The argument advanced by the executors in support of the presumed intent which they seek to bring to their aid in the construction of the will is substantially as follows: In 1870, when Mr. Boardman made his will, drafted by himself, a lawyer by profession, although a business man by practice, the courts of this state had not declared the law of this jurisdiction. Decisions, however, had been made in other states, including Pennsylvania, New York, and New Jersey. These decisions in these states had been in consonance with the views now urged by the executors. One of the Pennsylvania decisions rendered shortly before the execution of the will involved the interests of the parties thereto in stock of the New Haven Gas Light Company, of which the testator was president, and of the New York & New Haven Railroad Company, with whose transactions he had been familiar for many years. It must therefore be presumed that he was familiar with these decisions, or with the latter one at least, and it ought to be presumed that he used the language of his will with the purpose of accomplishing the result thus judicially outlined. So it is said that ambiguous phrases in it should be interpreted in accordance with those principles of law which the testator most probably had in mind when he used them. See Harp's Appeal, 28 Pa. 368; Wiltbank's Appeal, 64 Pa. 256, 3 Am. Rep. 585; Clarkson v. Clarkson, 18 Barb. (N. Y.) 646; Simpson v. Moore, 30 Barb. (N. Y.) 637; Van Doren v. Olden, 19 N. J. Eq. 176, 97 Am. Dec. 650.

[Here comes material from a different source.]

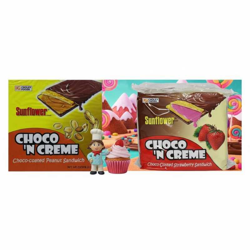 - Features two delicious flavors: Choco-Sweet Peanut Barrette and Choco-Sweet Strawberry Creme.

Before assent were given to this argument, it would be wise to inquire whether any of the decisions referred to had, in fact, gone to the extent necessary to support the present claim, and to examine the foundation of the alleged presumption that the testator knew and acted upon the faith of them, and did not know and act upon the faith of, for example, Minot v. Paine, 99 Mass. 101, 96 Am. Dec. 705, to discover what of substance it possesses. Upon the first inquiry, see Moss' Appeal, 83 Pa. 264, 270, 24 Am. Rep. 164; Smith's Estate, 140 Pa. 344, 21 Atl. 438, 23 Am. St. Rep. 237; Thomson's Estate, 153 Pa. 332, 26 Atl. 652, 653; Graham's Estate, 198 Pa. 216, 47 Atl. 1108; Parker v. Johnson, 37 N. J....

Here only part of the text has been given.